I love Les Caves de Pyrene. Love them. I’ve only ever been once, but none of the wine I bought then was bad and a lot of it – I can still taste that Fumin from the Valle d’Aosta was superb. So here’s another cracker. A very humble label tells you nothing at all about it – it’s a humble Vin de Pays from the Loire. And that’s about it. So it’s 70% cot (malbec) and 30% gamay, a rich, deep, heavy satin but with only 12.5% alcohol, it’s got a silky touch. Chocolate, allspice, tobacco and cinnamon-infused poached plums. That’s what I’m saying, and I’m sticking to it.

The thing is, they’re miles away and they don’t really deal in bargain wines – except in their annual summer bin end sale, which is where I got this (normally a shade under £12, can’t remember what I paid). So it might be June before I go back, but you just try to stop me.

Say what?

As we speak I am sitting at the bar in Bocca di Lupo, drinking a fine Barbera d’Asti and perusing a desert menu I’m way too full to seriously consider. So, Sanguinaccio, then. “Sweet pate of pigs’ blood and chocolate”. I mean, wtf?

That is all.

Wine dining

An absurdly long break in posts. Blogs are like new friends – so long as you see each other all the time it’s very comfortable and you get along fine, but if the phone goes cold even for a short while it just feels a bit awkward to pick it up again. Next thing you know, you haven’t spoken in six months and you’re little more than strangers.

Anyway, I digress. I’m in the office. It’s a slow day. The bit of newspaper I’m responsible for filling has been filled instead by adverts, leaving me free to look at Twitter (another friendship gone cold) and make an awkward rapprochement with the Cellar Fella.

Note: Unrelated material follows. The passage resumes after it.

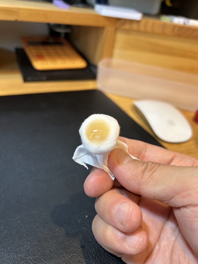 2時間ほどは木固め剤が滲み出てくるので、30分おきにシンナーで表面を拭きます。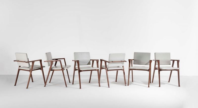 Sei sedie mod. Luisa, struttura e braccioli in legno, rivestimento in pelle.

So what was so important that it forced me to ignore this slight social chill and reignite our little relationship? The discovery, no less, of a new thing. OK, it’s not the most revelatory discovery, but it’s new to me. Chenin blanc has been one of those subjects that are just a bit too big. Like rosé, which I almost never drink and absolutely never buy because I just don’t know how, it’s been a bizarre, big gap in my vinous knowledge.

But then I went to a wine-tasting dinner (I’d call it a wine-drinking dinner, to be more precise. There weren’t that many wines tasted and they were served in such generous quantities, things swiftly got out of hand) at High Timber on Monday, a charity thing in aid of Cosmic. They didn’t really tell us what we were drinking most of the time, but it was all South African and a lot of it was excellent – a zappy sauvignon blanc, a delicious noble-rot boosted sweet. The restaurant is co-owned by Gary and Kathy Jordan of South African winery Jordan wines, who hosted the evening, so they presumably had a hand in the selections. But I really loved the chenin – The FMC, by Ken Forrester – which was as mouthwatering a white as I’ve had for a long while. Then again, it was by all accounts pretty much the best the country can muster. At about £17 a bottle it should be good, but damn, it was. More investigation required.

And it’s good to be back. More soon. And apologies for shamelessly stealing the photo from Jamie Goode’s blog.